McCain Takes Fire for 'Wasted' Troops Comment
March 1, 2007 -- A remark Sen. John McCain, R-Ariz., made on CBS's "Late Show With David Letterman" Wednesday night is generating some controversy.
"Americans are very frustrated, and they have every right to be," McCain said about the Iraq War. "We've wasted a lot of our most precious treasure, which is American lives."
The concept that American lives are being "wasted" is specifically what drew political fire.
Democrats Demand Apology
"We think Sen. McCain should apologize immediately," said Karen Finney, communications director for the Democratic National Committee, "and he certainly should explain how it is that he now believes American lives are being wasted when he so stubbornly supports the president's plan to escalate the war in Iraq -- which would put even more lives in harm's way."

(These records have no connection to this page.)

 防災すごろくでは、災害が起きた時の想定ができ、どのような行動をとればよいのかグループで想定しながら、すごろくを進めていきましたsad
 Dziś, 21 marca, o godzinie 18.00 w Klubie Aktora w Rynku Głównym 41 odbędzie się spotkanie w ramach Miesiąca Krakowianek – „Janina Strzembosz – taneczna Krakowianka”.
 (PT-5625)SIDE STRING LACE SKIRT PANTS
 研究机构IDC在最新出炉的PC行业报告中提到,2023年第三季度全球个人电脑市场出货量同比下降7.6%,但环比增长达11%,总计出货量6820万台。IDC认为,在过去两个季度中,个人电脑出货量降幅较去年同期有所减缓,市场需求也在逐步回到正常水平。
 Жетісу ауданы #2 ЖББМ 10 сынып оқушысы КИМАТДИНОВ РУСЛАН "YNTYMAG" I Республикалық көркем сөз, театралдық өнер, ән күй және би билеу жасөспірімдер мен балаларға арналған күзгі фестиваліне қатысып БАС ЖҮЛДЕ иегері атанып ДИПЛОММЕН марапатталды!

McCain's Senate office released a statement from the senator that did not contain an apology, but suggested that he "should have used the word, sacrificed, as I have in the past."
The larger point, McCain said, is that America's leaders owe the troops "our best judgment and honest appraisal of the progress of the war, in which they continue to sacrifice" and that "we have made many mistakes in the past, and we have paid a grievous price for those mistakes in the lives of the men and women who have died to protect our interests in Iraq and defend the rest of us from the even greater threat we would face if we are defeated there."

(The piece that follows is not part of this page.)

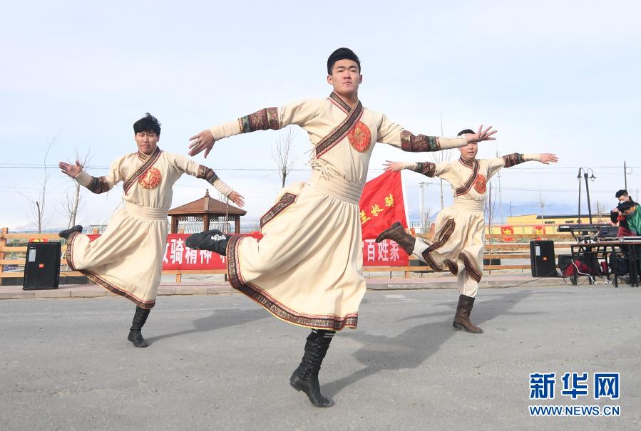 2月11日,烏蘭牧騎演員在表演集體舞。

Obama Apologized Over Similar Controversy
Earlier this month, Sen. Barack Obama, D-Ill., fell into a similar controversy after telling an Ames, Iowa, crowd that Americans "have seen over 3,000 lives of the bravest young Americans wasted."
Finney said these two situations were apples and oranges.
"Sen. Obama apologized. He immediately saw his error," she said. "And he also does not support the war."
But at the Senate today Obama defended McCain, surmising that McCain was trying to say what he had been trying to: that the troops deserved better planning and preparation than the Bush administration had given them.
"One thing I don't think McCain can be faulted for is his dedication to the troops," Obama said. "He's been there, done that."